U.S. oil and gas exports should leap over the next two years if China fulfills its promises to increase energy acquisitions under the trade agreement signed on Wednesday between the world’s two largest economies, executives and traders said.
The agreement did not specify product quantities, but it commits China, the world’s largest importer of oil and the second-largest importer of liquefied natural gas (LNG), to purchase $52.4 billion more of U.S. energy supplies over the next two years.
U.S. oil executives and analysts welcomed the agreement after LNG was mostly dried up last year, and crude exports to China.
Nevertheless, several questions remain about the execution of the purchases and the market reaction has been mixed with lower oil trading after the signing of the agreement but increasing during the Asian morning.
China’s obligations under the deal increased to an $18.5 billion rise in 2020 and a $33.9 billion increase in 2021 from a baseline of $9.1 billion in 2017.
The deal “is a step in the right direction that will hopefully restore the burgeoning United States.
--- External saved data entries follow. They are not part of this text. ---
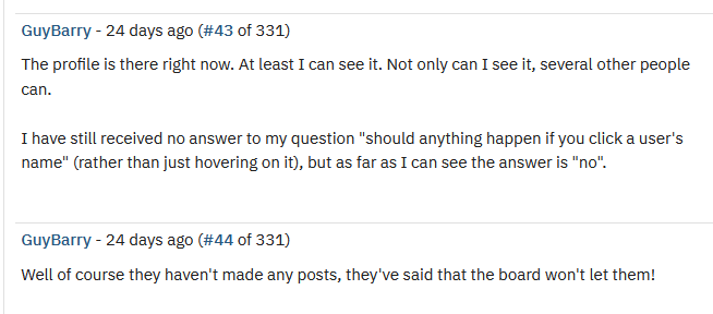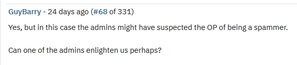 GuyBarry immediately accusing me of being a spammer, just from me asking a question in how the forum works as I couldn’t find a reply button. Immediate suspicion, immediate accusations etc. And the self-importance longtime users assume of the forum, not even assuming that a new user isn’t even interested in anything further in the forum, or busy with life. These kinds of exchanges between people are always good for a case study in how people assume or even fear etc.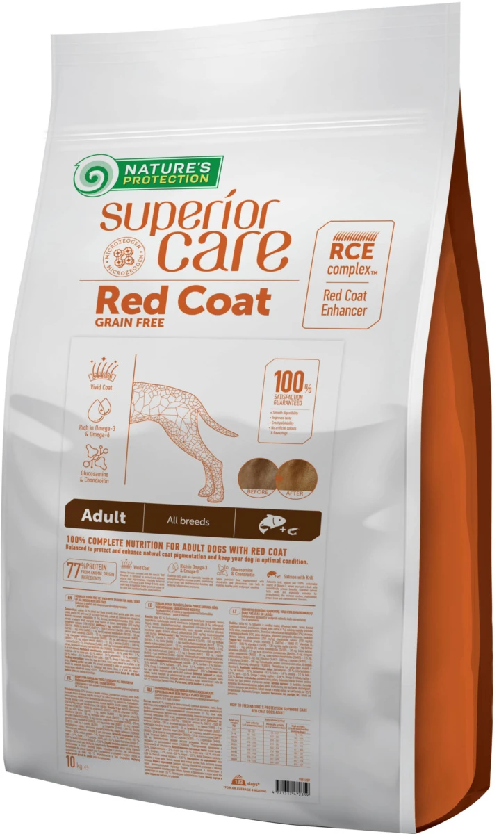 Повноцінний беззерновий корм з лососем для дорослих собак усіх порід з рудою шерстю.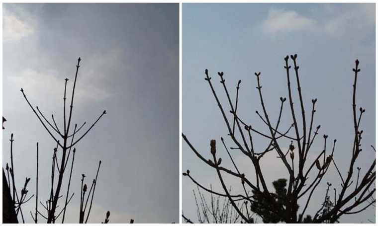 A gauche: une plante à croissance monopodiale observée en hiver, le cas typique de l’acrotonie.

LNG trade with China, “said Jack Fusco, chief executive of U.S. exporter Cheniere Energy Inc (LNG.A). LNG. Fusco was at the White House for the ceremonial signing.
Despite China’s most-U.S. withdrawal. LNG imports last year, U.S. shipments to other Asian countries, Europe and Latin America also moved the U.S. back to Qatar and Australia in 2019 to be the world’s third-biggest LNG supplier.
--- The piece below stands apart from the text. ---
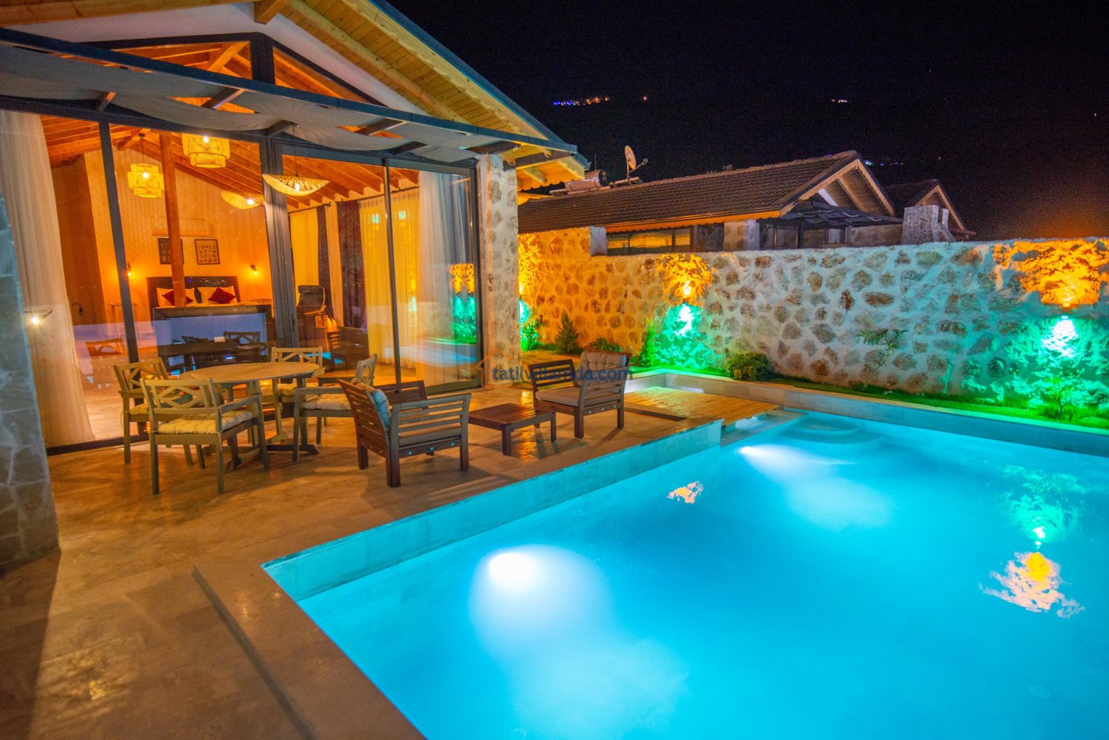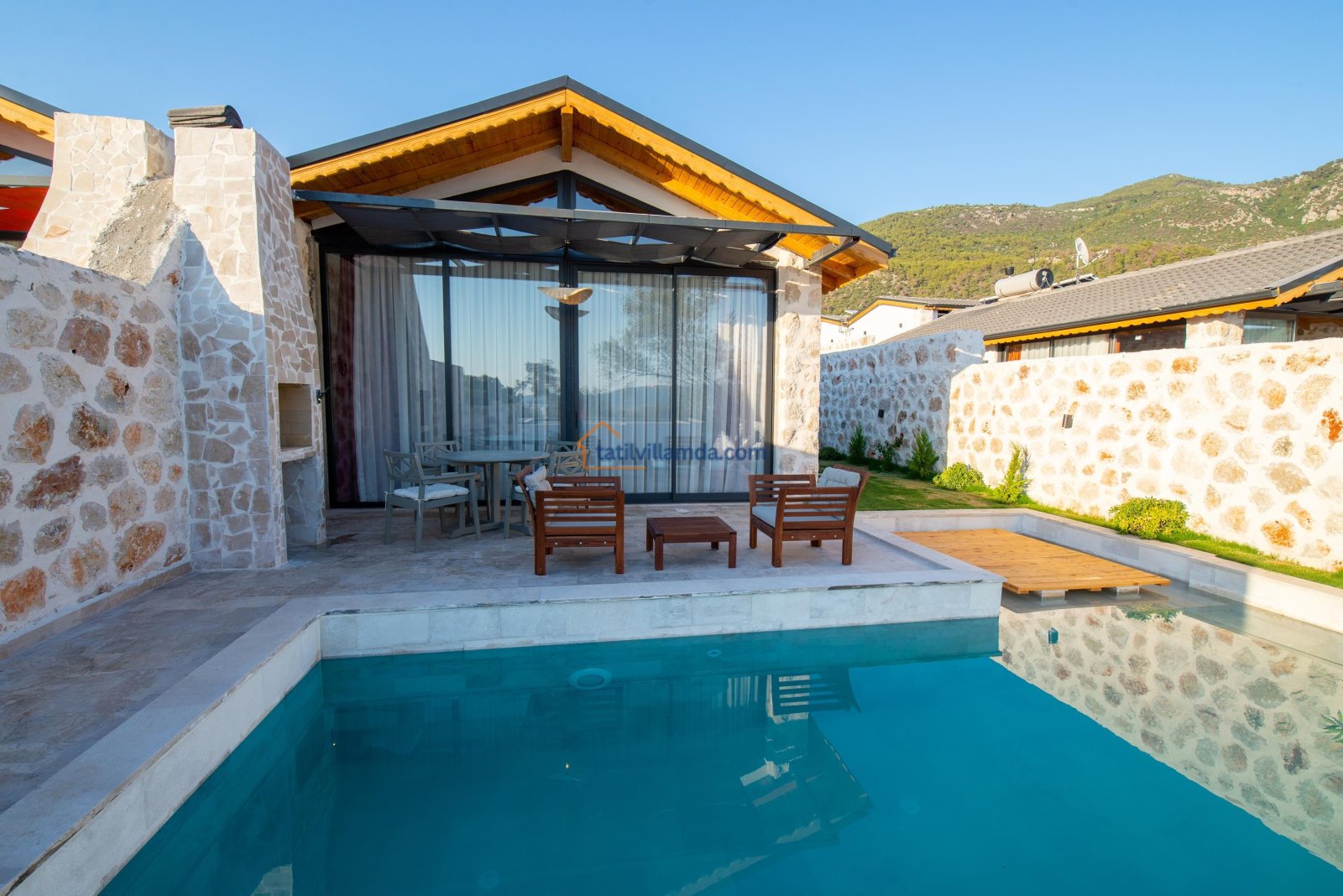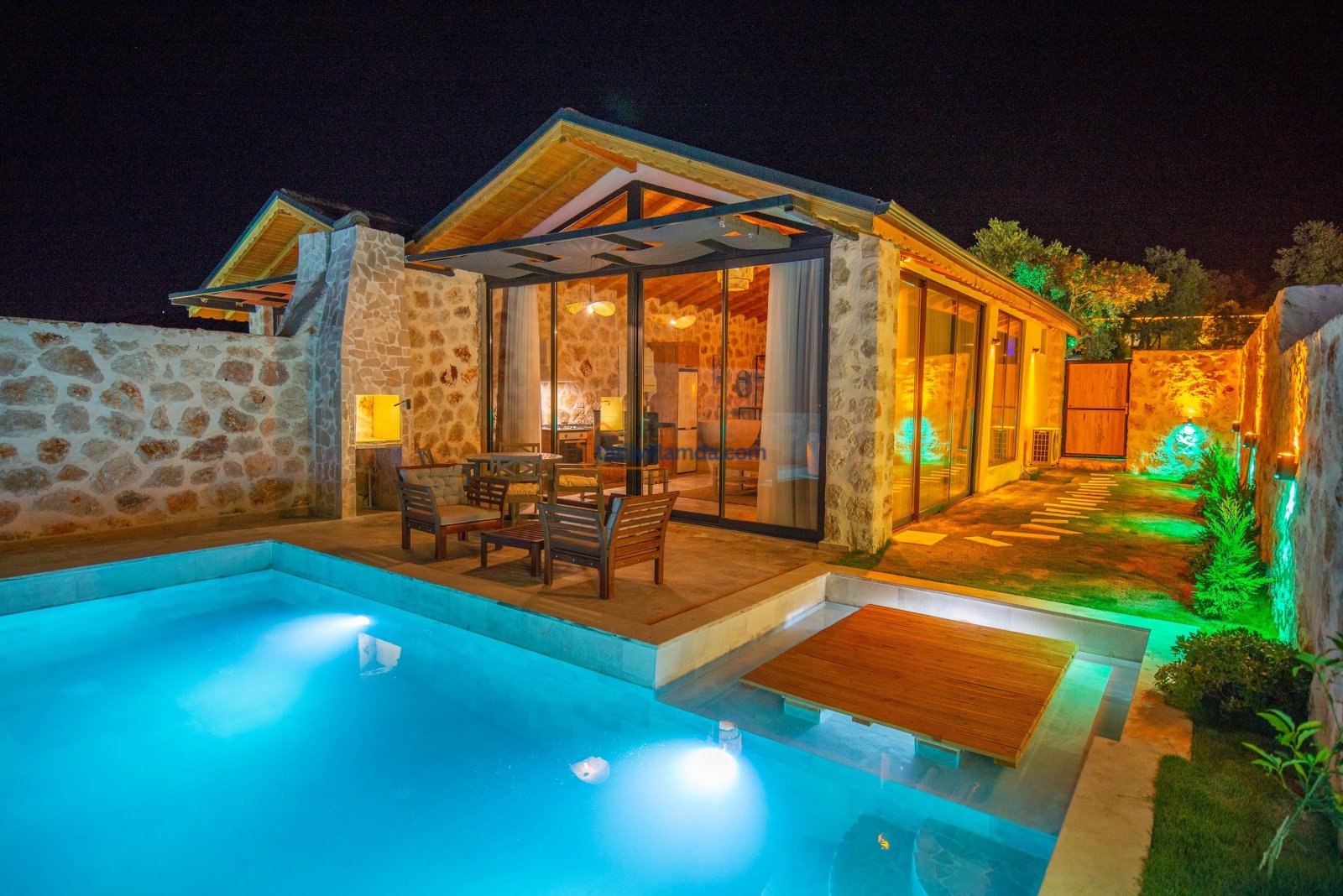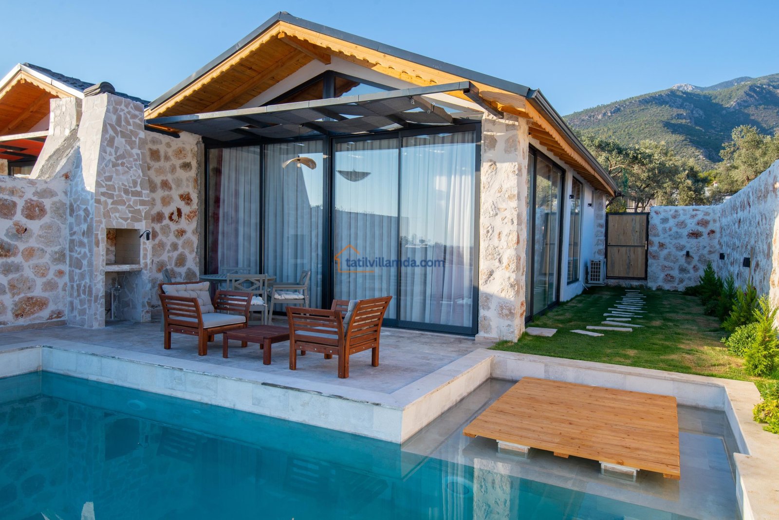 Villa Mürdüm, Kalkan’ın doğal güzellikleriyle öne çıkan Çayköy mevkiinde yer alır ve özellikle balayı çiftleri ile çekirdek aileler için sakin, huzurlu bir tatil imkânı sunar. Doğa manzaralı ve tamamen korunaklı özel yüzme havuzuyla dışarıdan görünmeyen bir alan sunarak misafirlerine tam anlamıyla mahremiyet sağlar. Taş ve ahşap detaylarla modern tarzda döşenmiş iç mekanı, konfor ve estetiği bir araya getirir. Sessiz ve sakin atmosferiyle, kalabalıktan uzak bir tatil arayanlar için idealdir.

In a January 10 note, Goldman Sachs analyst predicts that the agreement will mean China will raise its crude imports to 500,000 barrels per day (bpd) in 2020 and 800,000 bpd in 2021. It also said LNG imports could reach 10 million tons this year, and 15 million tons in 2021, a total value of $38.2 billion.
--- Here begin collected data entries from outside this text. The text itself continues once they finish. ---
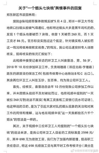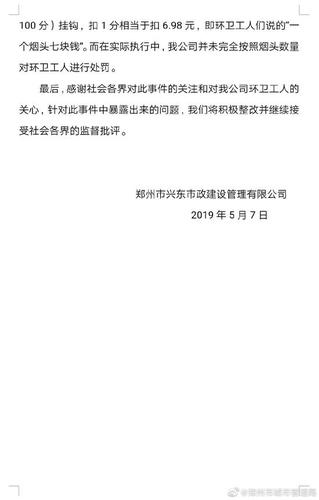 新京报快讯 据郑州市城市管理局官方微博消息,5月7日,郑州市兴东市政建设管理有限公司针对网友近期特别关注的“发现一个烟头扣环卫工人七块钱"的舆情事件的调查回复(见附图)。5月8日,郑州市城市管理局官方微博发布对于该公司的回复,郑州市城市管理局环卫处薛芳礼处长指出郑州市目前执行的环卫职工工资标准2598元/月里面,按规定只能有450元作为绩效工资,且最低发放数额不能少于300元,即扣除部分最多不能超过150元。而该公司将其中698元作为绩效工资属于违规行为,已责令郑东新区市政园林局督促该公司马上整改,并安排各区环卫主管部门核查自己辖区是否存在类似违规情况。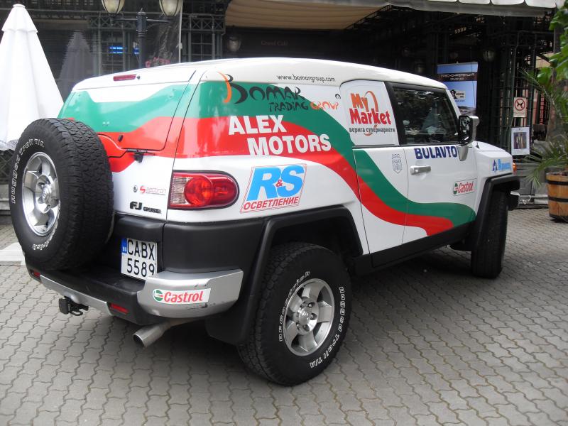 Колата също бе представена, макар и все още в цивилна форма - тепърва предстои да бъдат извършени сериозни модификации по нея. Иначе българските офроуд състезатели - инж. Александър Иванов, синът му - Александър Иванов джуниър, Златко Георгиев и Мартин Гуменов ще разчитат на Toyota FJ Cruiser. Сърцето на проходимата машина е 4-литров, V6 бензинов двигател. Максималната скорост, която развива е 200 километра в час.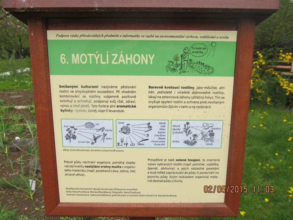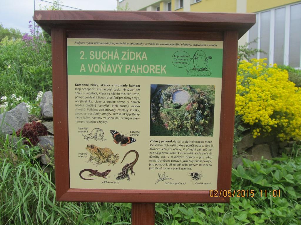 5. 2. 5. 2015 jsem se zúčastnila školení učitelů, kteří se věnují EVVO, kde jsem prezentovala akce, které pro naše žáky připravujeme v rámci EVVO. Posílám fotky přírodní zahrady, mohlo by toto pro nás být inspirací - jak doplnit naši zahradu. Pokud by byl zájem, můžeme v rámci vzdělávání navštívit různé školy, kde podobné zahrady rádi představí našim učitelům.

One Singapore oil trader said economics favors U.S. crude as freight rates decline and rising shale production has U.S. crudes selling to international Brent at a discount.
Analysts, U.S. energy trade executives, and Asian buyers said demand, pricing and transportation costs would determine whether exports over two years hit the $52.4 billion mark.
Tariffs on many items that the two countries sell to each other, including LNG, will remain. China imposed a tariff of 25 percent on LNG, which crimped most activity with the US.
On Wednesday, a senior Trump administration source confirmed that China will need to issue tariff waivers or adjustments to meet its purchase commitments. Other concerns focus on Chinese refineries ‘ technical requirements.